*Work to be completed*: The entries must be restated exactly as written.

*Data under study*:
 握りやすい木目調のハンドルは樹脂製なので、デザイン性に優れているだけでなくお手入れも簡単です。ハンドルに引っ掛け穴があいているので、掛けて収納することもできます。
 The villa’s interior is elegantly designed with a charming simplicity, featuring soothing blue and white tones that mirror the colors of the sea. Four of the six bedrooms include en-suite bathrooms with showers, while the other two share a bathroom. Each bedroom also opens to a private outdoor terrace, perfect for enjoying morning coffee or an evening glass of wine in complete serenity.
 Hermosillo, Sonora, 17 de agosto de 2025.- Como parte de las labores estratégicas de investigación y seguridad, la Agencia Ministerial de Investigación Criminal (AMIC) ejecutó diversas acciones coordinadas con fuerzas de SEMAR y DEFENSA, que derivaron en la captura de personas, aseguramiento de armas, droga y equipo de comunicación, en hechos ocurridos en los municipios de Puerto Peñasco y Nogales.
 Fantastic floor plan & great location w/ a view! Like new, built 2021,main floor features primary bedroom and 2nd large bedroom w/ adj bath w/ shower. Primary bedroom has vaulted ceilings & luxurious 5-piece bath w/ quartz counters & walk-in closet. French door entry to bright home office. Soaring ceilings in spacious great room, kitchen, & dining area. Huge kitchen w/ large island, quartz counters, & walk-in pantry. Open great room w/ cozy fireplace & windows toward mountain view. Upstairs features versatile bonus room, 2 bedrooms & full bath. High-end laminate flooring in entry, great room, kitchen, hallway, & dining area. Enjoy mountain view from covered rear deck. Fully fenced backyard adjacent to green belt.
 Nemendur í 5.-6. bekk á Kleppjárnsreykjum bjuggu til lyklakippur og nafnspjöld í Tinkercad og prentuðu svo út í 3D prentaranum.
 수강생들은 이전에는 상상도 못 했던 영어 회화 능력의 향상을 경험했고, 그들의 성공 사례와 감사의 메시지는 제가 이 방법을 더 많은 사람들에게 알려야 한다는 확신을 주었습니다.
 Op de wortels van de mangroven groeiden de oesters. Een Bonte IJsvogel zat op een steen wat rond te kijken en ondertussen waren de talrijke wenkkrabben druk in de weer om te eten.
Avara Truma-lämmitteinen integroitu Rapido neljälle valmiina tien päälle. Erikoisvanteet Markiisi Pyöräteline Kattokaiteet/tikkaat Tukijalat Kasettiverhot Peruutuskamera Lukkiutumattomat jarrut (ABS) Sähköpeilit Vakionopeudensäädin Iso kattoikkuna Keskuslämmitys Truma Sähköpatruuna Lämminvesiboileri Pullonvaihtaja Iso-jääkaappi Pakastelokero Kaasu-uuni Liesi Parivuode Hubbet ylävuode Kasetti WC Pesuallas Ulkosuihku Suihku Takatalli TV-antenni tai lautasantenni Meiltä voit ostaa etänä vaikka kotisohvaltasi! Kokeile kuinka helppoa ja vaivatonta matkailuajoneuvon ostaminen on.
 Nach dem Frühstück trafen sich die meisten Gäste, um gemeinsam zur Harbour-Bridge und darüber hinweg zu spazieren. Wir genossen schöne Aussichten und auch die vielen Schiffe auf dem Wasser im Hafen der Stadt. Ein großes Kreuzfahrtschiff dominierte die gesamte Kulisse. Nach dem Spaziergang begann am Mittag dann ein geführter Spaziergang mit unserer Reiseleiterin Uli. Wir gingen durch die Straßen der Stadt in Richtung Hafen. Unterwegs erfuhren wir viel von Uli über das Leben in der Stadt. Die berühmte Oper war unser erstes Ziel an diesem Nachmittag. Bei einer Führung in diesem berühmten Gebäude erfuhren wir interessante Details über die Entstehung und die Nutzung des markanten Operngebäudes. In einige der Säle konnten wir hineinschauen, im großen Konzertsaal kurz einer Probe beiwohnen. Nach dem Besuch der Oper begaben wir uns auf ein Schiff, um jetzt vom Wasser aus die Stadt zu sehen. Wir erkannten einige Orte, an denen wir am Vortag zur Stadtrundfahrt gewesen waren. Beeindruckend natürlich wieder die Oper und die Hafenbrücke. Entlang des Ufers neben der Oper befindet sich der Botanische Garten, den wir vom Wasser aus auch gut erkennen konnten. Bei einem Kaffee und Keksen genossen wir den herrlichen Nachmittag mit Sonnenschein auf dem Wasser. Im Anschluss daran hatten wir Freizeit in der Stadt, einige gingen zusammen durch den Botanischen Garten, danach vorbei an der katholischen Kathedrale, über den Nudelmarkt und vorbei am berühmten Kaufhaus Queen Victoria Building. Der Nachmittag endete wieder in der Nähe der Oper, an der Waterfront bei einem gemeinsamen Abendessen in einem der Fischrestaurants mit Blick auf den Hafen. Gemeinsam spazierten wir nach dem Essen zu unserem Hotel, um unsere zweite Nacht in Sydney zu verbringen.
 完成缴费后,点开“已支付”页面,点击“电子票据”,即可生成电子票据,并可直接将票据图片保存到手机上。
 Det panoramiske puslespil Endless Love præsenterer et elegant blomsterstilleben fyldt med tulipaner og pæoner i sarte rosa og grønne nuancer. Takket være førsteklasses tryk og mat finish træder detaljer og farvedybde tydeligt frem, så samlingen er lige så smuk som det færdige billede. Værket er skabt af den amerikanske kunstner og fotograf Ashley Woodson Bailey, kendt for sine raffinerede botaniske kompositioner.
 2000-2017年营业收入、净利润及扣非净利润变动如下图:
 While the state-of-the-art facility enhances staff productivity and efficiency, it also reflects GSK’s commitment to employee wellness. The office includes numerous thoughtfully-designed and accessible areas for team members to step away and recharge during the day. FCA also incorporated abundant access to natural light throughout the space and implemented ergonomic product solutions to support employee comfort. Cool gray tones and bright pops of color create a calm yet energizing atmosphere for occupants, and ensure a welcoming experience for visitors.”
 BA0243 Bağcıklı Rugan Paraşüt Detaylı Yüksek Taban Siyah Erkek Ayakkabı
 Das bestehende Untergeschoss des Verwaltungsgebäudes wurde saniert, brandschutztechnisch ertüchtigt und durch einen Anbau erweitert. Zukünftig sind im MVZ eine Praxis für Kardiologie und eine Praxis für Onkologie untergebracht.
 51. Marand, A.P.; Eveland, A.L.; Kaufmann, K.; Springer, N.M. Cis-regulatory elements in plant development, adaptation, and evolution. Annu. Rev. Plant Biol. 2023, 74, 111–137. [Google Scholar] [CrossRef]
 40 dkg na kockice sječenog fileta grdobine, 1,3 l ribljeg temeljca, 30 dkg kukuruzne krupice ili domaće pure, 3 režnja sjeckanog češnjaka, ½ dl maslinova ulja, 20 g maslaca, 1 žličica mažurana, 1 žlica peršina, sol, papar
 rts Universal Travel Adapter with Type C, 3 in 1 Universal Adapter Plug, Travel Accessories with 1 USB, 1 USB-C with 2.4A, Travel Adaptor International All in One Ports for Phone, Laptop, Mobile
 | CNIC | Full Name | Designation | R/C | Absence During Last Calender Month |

*The answer*:
 握りやすい木目調のハンドルは樹脂製なので、デザイン性に優れているだけでなくお手入れも簡単です。ハンドルに引っ掛け穴があいているので、掛けて収納することもできます。
 The villa’s interior is elegantly designed with a charming simplicity, featuring soothing blue and white tones that mirror the colors of the sea. Four of the six bedrooms include en-suite bathrooms with showers, while the other two share a bathroom. Each bedroom also opens to a private outdoor terrace, perfect for enjoying morning coffee or an evening glass of wine in complete serenity.
 Hermosillo, Sonora, 17 de agosto de 2025.- Como parte de las labores estratégicas de investigación y seguridad, la Agencia Ministerial de Investigación Criminal (AMIC) ejecutó diversas acciones coordinadas con fuerzas de SEMAR y DEFENSA, que derivaron en la captura de personas, aseguramiento de armas, droga y equipo de comunicación, en hechos ocurridos en los municipios de Puerto Peñasco y Nogales.
 Fantastic floor plan & great location w/ a view! Like new, built 2021,main floor features primary bedroom and 2nd large bedroom w/ adj bath w/ shower. Primary bedroom has vaulted ceilings & luxurious 5-piece bath w/ quartz counters & walk-in closet. French door entry to bright home office. Soaring ceilings in spacious great room, kitchen, & dining area. Huge kitchen w/ large island, quartz counters, & walk-in pantry. Open great room w/ cozy fireplace & windows toward mountain view. Upstairs features versatile bonus room, 2 bedrooms & full bath. High-end laminate flooring in entry, great room, kitchen, hallway, & dining area. Enjoy mountain view from covered rear deck. Fully fenced backyard adjacent to green belt.
 Nemendur í 5.-6. bekk á Kleppjárnsreykjum bjuggu til lyklakippur og nafnspjöld í Tinkercad og prentuðu svo út í 3D prentaranum.
 수강생들은 이전에는 상상도 못 했던 영어 회화 능력의 향상을 경험했고, 그들의 성공 사례와 감사의 메시지는 제가 이 방법을 더 많은 사람들에게 알려야 한다는 확신을 주었습니다.
 Op de wortels van de mangroven groeiden de oesters. Een Bonte IJsvogel zat op een steen wat rond te kijken en ondertussen waren de talrijke wenkkrabben druk in de weer om te eten.
Avara Truma-lämmitteinen integroitu Rapido neljälle valmiina tien päälle. Erikoisvanteet Markiisi Pyöräteline Kattokaiteet/tikkaat Tukijalat Kasettiverhot Peruutuskamera Lukkiutumattomat jarrut (ABS) Sähköpeilit Vakionopeudensäädin Iso kattoikkuna Keskuslämmitys Truma Sähköpatruuna Lämminvesiboileri Pullonvaihtaja Iso-jääkaappi Pakastelokero Kaasu-uuni Liesi Parivuode Hubbet ylävuode Kasetti WC Pesuallas Ulkosuihku Suihku Takatalli TV-antenni tai lautasantenni Meiltä voit ostaa etänä vaikka kotisohvaltasi! Kokeile kuinka helppoa ja vaivatonta matkailuajoneuvon ostaminen on.
 Nach dem Frühstück trafen sich die meisten Gäste, um gemeinsam zur Harbour-Bridge und darüber hinweg zu spazieren. Wir genossen schöne Aussichten und auch die vielen Schiffe auf dem Wasser im Hafen der Stadt. Ein großes Kreuzfahrtschiff dominierte die gesamte Kulisse. Nach dem Spaziergang begann am Mittag dann ein geführter Spaziergang mit unserer Reiseleiterin Uli. Wir gingen durch die Straßen der Stadt in Richtung Hafen. Unterwegs erfuhren wir viel von Uli über das Leben in der Stadt. Die berühmte Oper war unser erstes Ziel an diesem Nachmittag. Bei einer Führung in diesem berühmten Gebäude erfuhren wir interessante Details über die Entstehung und die Nutzung des markanten Operngebäudes. In einige der Säle konnten wir hineinschauen, im großen Konzertsaal kurz einer Probe beiwohnen. Nach dem Besuch der Oper begaben wir uns auf ein Schiff, um jetzt vom Wasser aus die Stadt zu sehen. Wir erkannten einige Orte, an denen wir am Vortag zur Stadtrundfahrt gewesen waren. Beeindruckend natürlich wieder die Oper und die Hafenbrücke. Entlang des Ufers neben der Oper befindet sich der Botanische Garten, den wir vom Wasser aus auch gut erkennen konnten. Bei einem Kaffee und Keksen genossen wir den herrlichen Nachmittag mit Sonnenschein auf dem Wasser. Im Anschluss daran hatten wir Freizeit in der Stadt, einige gingen zusammen durch den Botanischen Garten, danach vorbei an der katholischen Kathedrale, über den Nudelmarkt und vorbei am berühmten Kaufhaus Queen Victoria Building. Der Nachmittag endete wieder in der Nähe der Oper, an der Waterfront bei einem gemeinsamen Abendessen in einem der Fischrestaurants mit Blick auf den Hafen. Gemeinsam spazierten wir nach dem Essen zu unserem Hotel, um unsere zweite Nacht in Sydney zu verbringen.
 完成缴费后,点开“已支付”页面,点击“电子票据”,即可生成电子票据,并可直接将票据图片保存到手机上。
 Det panoramiske puslespil Endless Love præsenterer et elegant blomsterstilleben fyldt med tulipaner og pæoner i sarte rosa og grønne nuancer. Takket være førsteklasses tryk og mat finish træder detaljer og farvedybde tydeligt frem, så samlingen er lige så smuk som det færdige billede. Værket er skabt af den amerikanske kunstner og fotograf Ashley Woodson Bailey, kendt for sine raffinerede botaniske kompositioner.
 2000-2017年营业收入、净利润及扣非净利润变动如下图:
 While the state-of-the-art facility enhances staff productivity and efficiency, it also reflects GSK’s commitment to employee wellness. The office includes numerous thoughtfully-designed and accessible areas for team members to step away and recharge during the day. FCA also incorporated abundant access to natural light throughout the space and implemented ergonomic product solutions to support employee comfort. Cool gray tones and bright pops of color create a calm yet energizing atmosphere for occupants, and ensure a welcoming experience for visitors.”
 BA0243 Bağcıklı Rugan Paraşüt Detaylı Yüksek Taban Siyah Erkek Ayakkabı
 Das bestehende Untergeschoss des Verwaltungsgebäudes wurde saniert, brandschutztechnisch ertüchtigt und durch einen Anbau erweitert. Zukünftig sind im MVZ eine Praxis für Kardiologie und eine Praxis für Onkologie untergebracht.
 51. Marand, A.P.; Eveland, A.L.; Kaufmann, K.; Springer, N.M. Cis-regulatory elements in plant development, adaptation, and evolution. Annu. Rev. Plant Biol. 2023, 74, 111–137. [Google Scholar] [CrossRef]
 40 dkg na kockice sječenog fileta grdobine, 1,3 l ribljeg temeljca, 30 dkg kukuruzne krupice ili domaće pure, 3 režnja sjeckanog češnjaka, ½ dl maslinova ulja, 20 g maslaca, 1 žličica mažurana, 1 žlica peršina, sol, papar
 rts Universal Travel Adapter with Type C, 3 in 1 Universal Adapter Plug, Travel Accessories with 1 USB, 1 USB-C with 2.4A, Travel Adaptor International All in One Ports for Phone, Laptop, Mobile
 | CNIC | Full Name | Designation | R/C | Absence During Last Calender Month |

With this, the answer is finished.